Tutorial on using pre-trained OpenAI language models

        Under construction -- no ready to be used yet

In this tutorial you will learn how to use language models (via the OpenAI API) from your Analytica model, and also learn about language models and how they work.

Adding the OpenAI API library to your model

( Downloading the library) ( Create new model. Add library to model ) ( Getting and entering the OpenAI API key )

The OpenAI API Library needs to be integrated into your model for you to access its functionality. Here's a step-by-step guide on how to do it:

1. Download the OpenAI API Library: The first step is to download the OpenAI library. Make sure to save it in a location you can easily access.
2. Create a New Model: After the download is complete, open Analytica and create a new model. This will serve as your workspace.
3. Add the Library to the Model: Locate the "File" button on the top-left corner of the Analytica interface, click on it, and select the option "Add Module".
4. Select the Library File: In the file selection dialog that appears, navigate to where you saved the OpenAI library file and select it.
5. Embed the Library: Once you've selected the library file, a new dialog will open up. Choose the "Embed a copy" option. This action embeds a copy of the library directly into your model.
6. Save Your API Key: Lastly, open the embedded OpenAI API library module. Locate the section where you can save your API key.

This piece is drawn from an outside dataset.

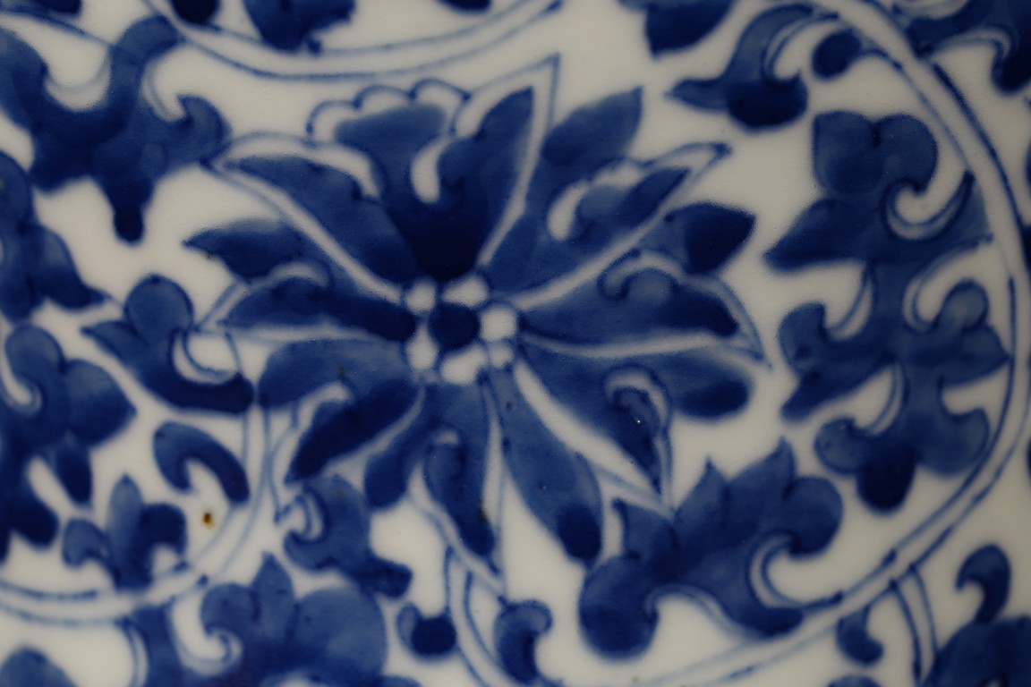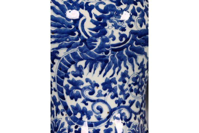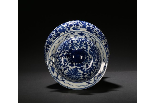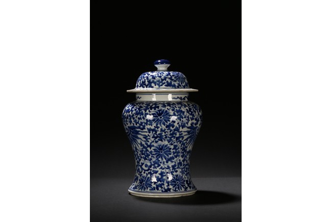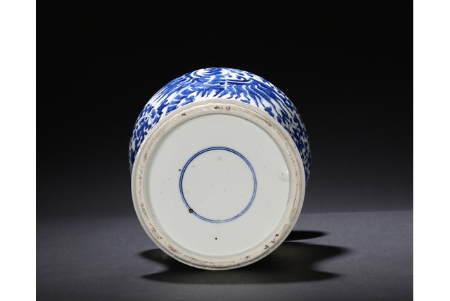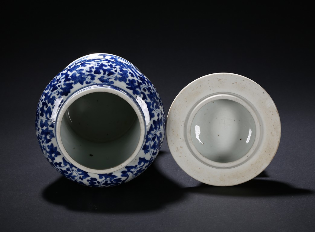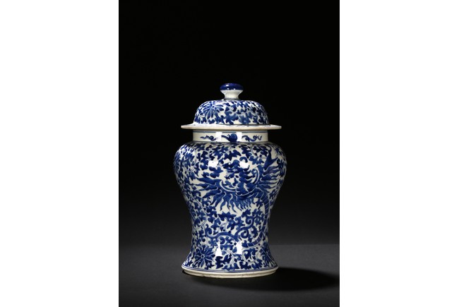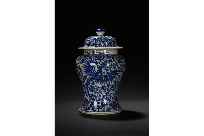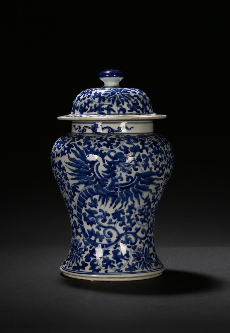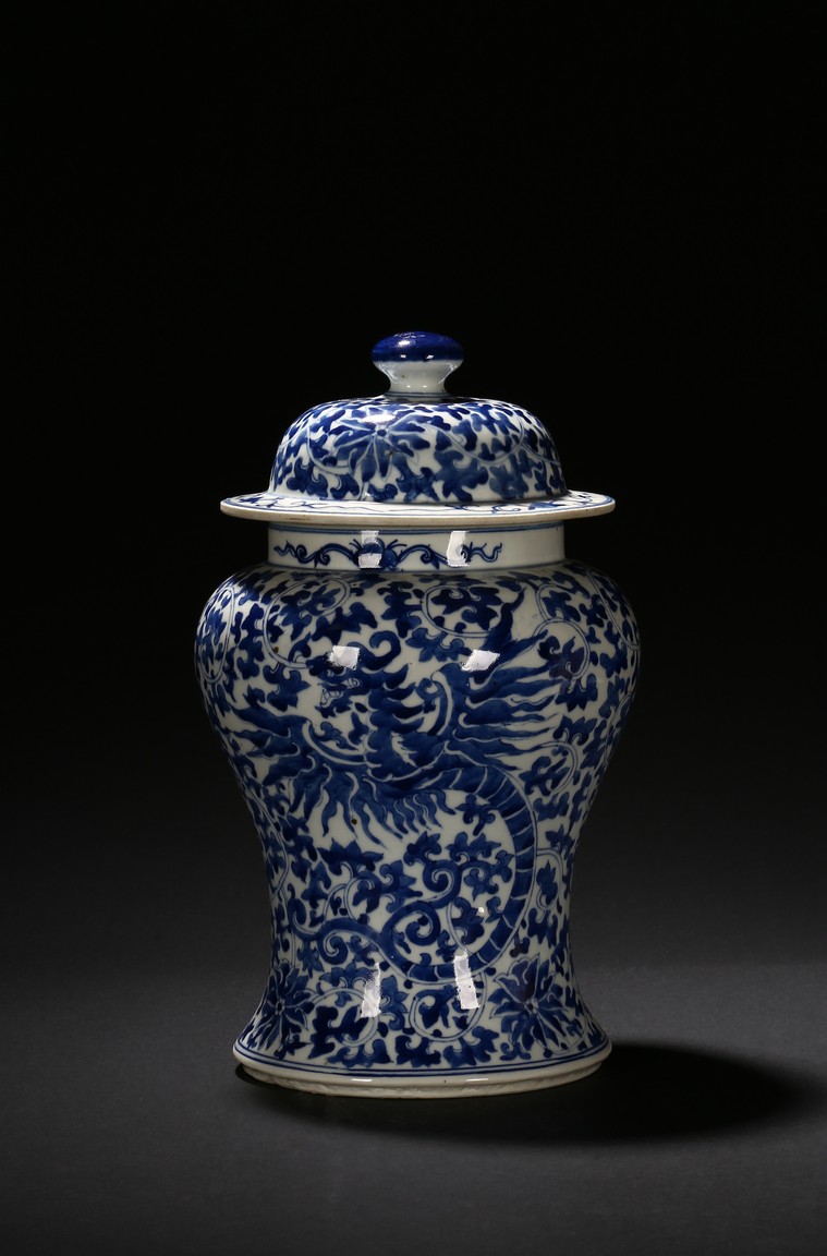 Of baluster form, brightly painted around the exterior with two mythical beast with dragon head and phoenix body, reserved on a dense leafy lotus scroll ground, the domed cover similarly decorated and surmounted by a circular finial. Qing Dynasty period.

Input your OpenAI API key into the designated environment variable to finalize the setup.

What OpenAI models are available to use?

Base Models:

• ada
• babbage
• curie
• davinci
• gpt-3.5-turbo
• whisper-1

Code Search Models:

• ada-code-search-code
• ada-code-search-text
• babbage-code-search-code
• babbage-code-search-text
• code-search-ada-code-001
• code-search-ada-text-001
• code-search-babbage-code-001
• code-search-babbage-text-001

Search Document Models:

• ada-search-document
• babbage-search-document
• curie-search-document
• davinci-search-document
• text-search-ada-doc-001
• text-search-babbage-doc-001
• text-search-curie-doc-001
• text-search-davinci-doc-001

Search Query Models:

• ada-search-query
• babbage-search-query
• curie-search-query
• davinci-search-query
• text-search-ada-query-001
• text-search-babbage-query-001
• text-search-curie-query-001
• text-search-davinci-query-001

Similarity Models:

• ada-similarity
• babbage-similarity
• curie-similarity
• davinci-similarity
• text-similarity-ada-001
• text-similarity-babbage-001
• text-similarity-curie-001
• text-similarity-davinci-001

Instruction Models:

• curie-instruct-beta
• davinci-instruct-beta

Edit Models:

• code-davinci-edit-001
• text-davinci-edit-001

Text Models:

• text-ada-001
• text-babbage-001
• text-curie-001
• text-davinci-001
• text-davinci-002
• text-davinci-003
• text-embedding-ada-002

Turbo Models:

• gpt-3.5-turbo-0301
• gpt-3.5-turbo-0613
• gpt-3.5-turbo-16k
• gpt-3.5-turbo-16k-0613

Generating text completions

This step is all about constructing a model capable of generating text sequences, with the specific characteristics of these sequences being determined by the parameters you define. Here's how you do it:

1. Create an Index Node for Completions: Begin by constructing an Index node and name it "Completion number". This node plays an important role in your model, as it dictates the number of different text completions your model will generate. Inside the nodes definition you'll enter the following: 1..4 (represents 1 - 4, you can change it to however many examples you need)
2. Set Up a Variable Node for Prompt Generation and Define the Command: Next, establish a variable node and title it "Example of prompt generation". Inside this nodes definition, you'll input the following command:

Prompt_completion("In the night sky, ", Completion_index:Completion_number, max_tokens:100)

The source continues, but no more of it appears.